You're not losing a son, you're gaining a study – but an emptying nest can still be a strain.
By John Powers

The bedroom has a computer in it now. There is an end table with a lamp between two chairs that look out on the basketball court with the rusting backboard in the backyard. The bookcase is lined with manuals for QuarkXPress, Photoshop, and Microsoft Word. The closet is filled with spillovers from a female wardrobe.

The only traces of the previous occupant are dusty youth sports trophies, high school athletic plaques, and framed photos showing him frozen in mid-rebound or mid-save. For 20 years, this was our older son's sanctum. Then, a few weeks after commencement, he wedged his king-sized bed into a Ryder truck and drove it to Chicago, leaving behind an empty corner of the nest and a dilemma for his parents.

Should we buy another bed and create a guest room that only would be used for a handful of nights a year? Or should we turn it into an everyday space? It wasn't a simple question of rearranging furniture. It was a symbolic statement. It was a matter of crossing a line, of saying farewell to a stage of life.
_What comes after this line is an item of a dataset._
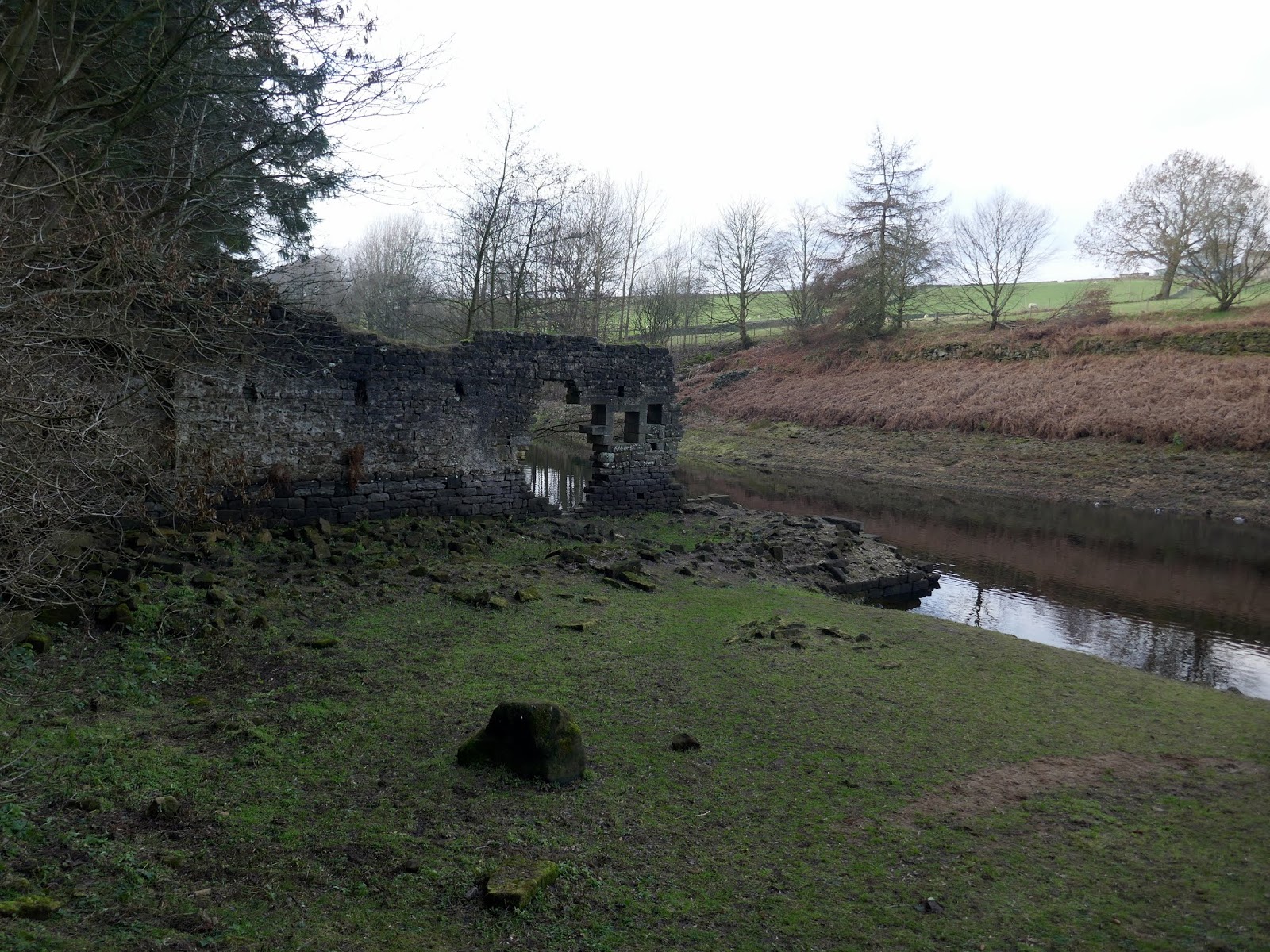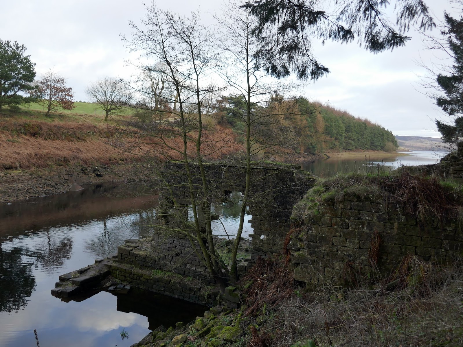 We followed the road downhill to a bridge crossing Capelshaw Beck, a small stream which flows into Thruscross Reservoir. It is possible to follow the reservoir shore from here though it’s not clear from the map. On the shoreline are the remains of the flax mill at West End, the flooded village I mentioned previously. In particularly dry weather the foundations of some of the cottages appear. It’s rumoured that the old river bridge is hidden in the depths too.

As long as his bed was in the room, it implied that the older son's absence was temporary, as it was when he was away at college. But when the bed is replaced by chairs and a computer, it says that the absence is likely to be permanent. If our son leaves Chicago, odds are he'll go to New York. Possibly, he'll come back to live with us for a while at some point, but probably not. Meanwhile, life goes on, for him and for us.

We have already stepped over the formal line by crossing out our older son's name on the town census form and on the auto and health insurance policies. Last year, we still could list him as a dependent on our taxes. This year, we can't.
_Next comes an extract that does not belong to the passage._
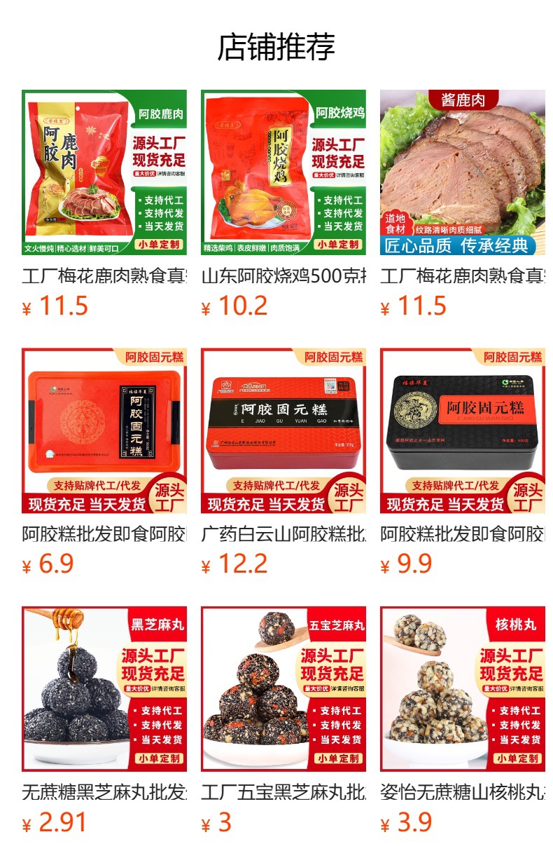 ![]() | 250g donkey-hide gel pork face | ¥10.0 / ≈ 121 ₽ | 99766 | 5150172075911 | |

It's the informal line, though, that is more unsettling to cross, because it's we who decide where to draw it and what it means. Is the older son gone for good or is he not? You cross him off the census form because the town says you have to. But if you don't replace his bed, what does that mean? That he's no longer part of the family?

The fact is, he is and he isn't. He's part of the family, but the family - four people sharing the same house day after day - doesn't exist anymore. We are reminded of that by how often the phone doesn't ring these days and by the freezer still crammed with chicken and sausage and hamburger that have been sitting there for ... how long? A couple of months? A couple of years?

The "play meat," as we called it, was a diversionary stash to keep teenage carnivores from devouring the planned dinner entree during their usual late-afternoon feeding frenzy. We haven't needed play meat in ages. So do we throw it out? Or keep it on hand until it petrifies and becomes a reminder of the Stone Age, when adolescent saber-tooths prowled the premises?

When the nest begins to empty, something as basic as cleaning out the fridge takes on end-of-an-era overtones. You can almost hear a somber voice giving a "Requiem for a Sugar Pops box": "We shall not see its like again ..."

This is all normal and logical, my wife and I keep telling each other. Our son needed a bed for his new apartment; it made sense to take his with him. We needed a place for the computer and all its accouterments. In fact, our older son moved them in himself before he left.

Still, there are times when the changeover seems like an eviction notice. Even if the room is filled with your mementos, if you don't have a bed to sleep in, you're a guest. When our son came home for the holidays, he slept on the pullout sofa downstairs.

He didn't mind; he's crashed in less comfortable venues. And he says he likes how his bedroom has been transformed. "Just one thing," said the man from Chicago. "You might want to put a futon in here."